DATA BELOW:
-- Opening Marker --

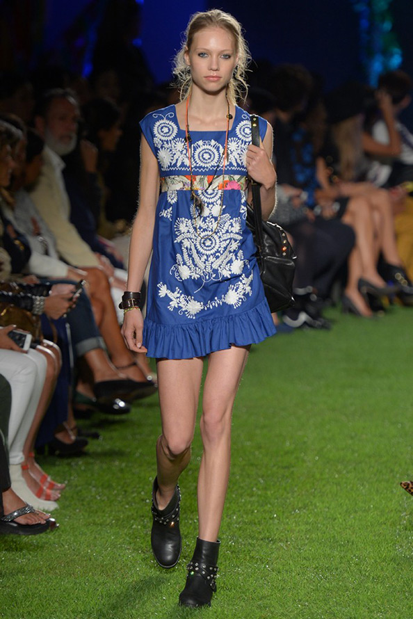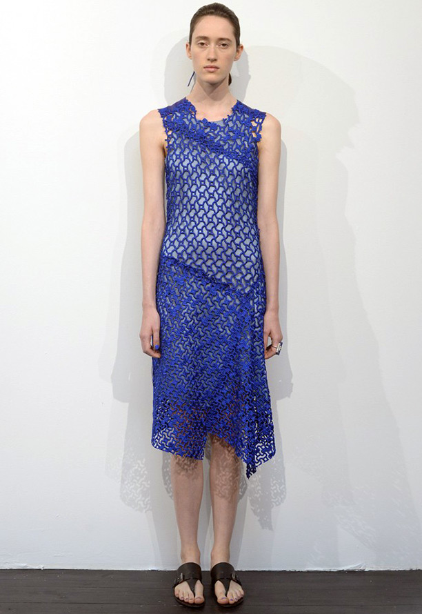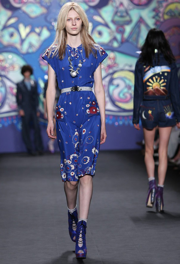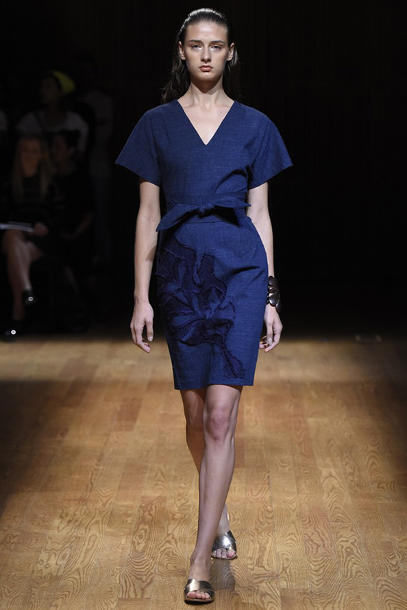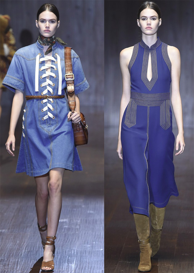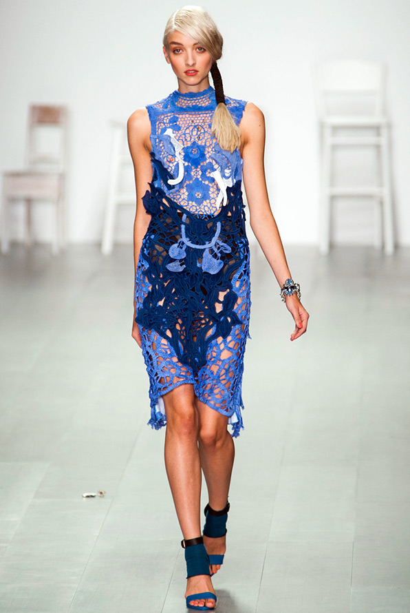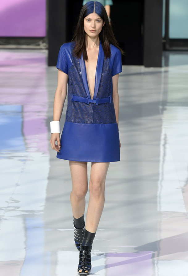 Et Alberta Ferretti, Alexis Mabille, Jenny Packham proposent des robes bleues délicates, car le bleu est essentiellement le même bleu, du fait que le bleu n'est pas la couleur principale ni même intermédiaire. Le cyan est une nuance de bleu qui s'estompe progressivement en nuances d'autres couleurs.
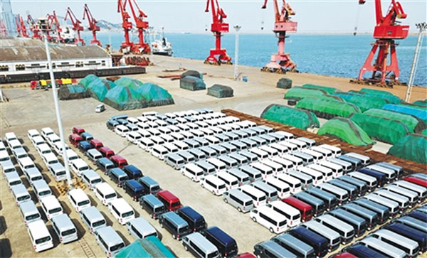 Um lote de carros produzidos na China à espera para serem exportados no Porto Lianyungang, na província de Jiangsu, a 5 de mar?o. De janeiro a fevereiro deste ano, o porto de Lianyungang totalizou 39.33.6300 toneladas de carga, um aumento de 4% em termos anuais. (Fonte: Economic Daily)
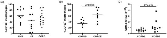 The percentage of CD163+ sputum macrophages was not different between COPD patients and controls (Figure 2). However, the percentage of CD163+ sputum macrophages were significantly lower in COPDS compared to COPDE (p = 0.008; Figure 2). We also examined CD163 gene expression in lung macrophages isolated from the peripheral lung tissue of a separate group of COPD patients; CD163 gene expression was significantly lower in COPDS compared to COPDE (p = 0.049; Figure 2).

-- Closing Marker --

Write the data out again word for word; leave the pictures behind.

WRITTEN REPLY:
 Et Alberta Ferretti, Alexis Mabille, Jenny Packham proposent des robes bleues délicates, car le bleu est essentiellement le même bleu, du fait que le bleu n'est pas la couleur principale ni même intermédiaire. Le cyan est une nuance de bleu qui s'estompe progressivement en nuances d'autres couleurs.
 Um lote de carros produzidos na China à espera para serem exportados no Porto Lianyungang, na província de Jiangsu, a 5 de mar?o. De janeiro a fevereiro deste ano, o porto de Lianyungang totalizou 39.33.6300 toneladas de carga, um aumento de 4% em termos anuais. (Fonte: Economic Daily)
 The percentage of CD163+ sputum macrophages was not different between COPD patients and controls (Figure 2). However, the percentage of CD163+ sputum macrophages were significantly lower in COPDS compared to COPDE (p = 0.008; Figure 2). We also examined CD163 gene expression in lung macrophages isolated from the peripheral lung tissue of a separate group of COPD patients; CD163 gene expression was significantly lower in COPDS compared to COPDE (p = 0.049; Figure 2).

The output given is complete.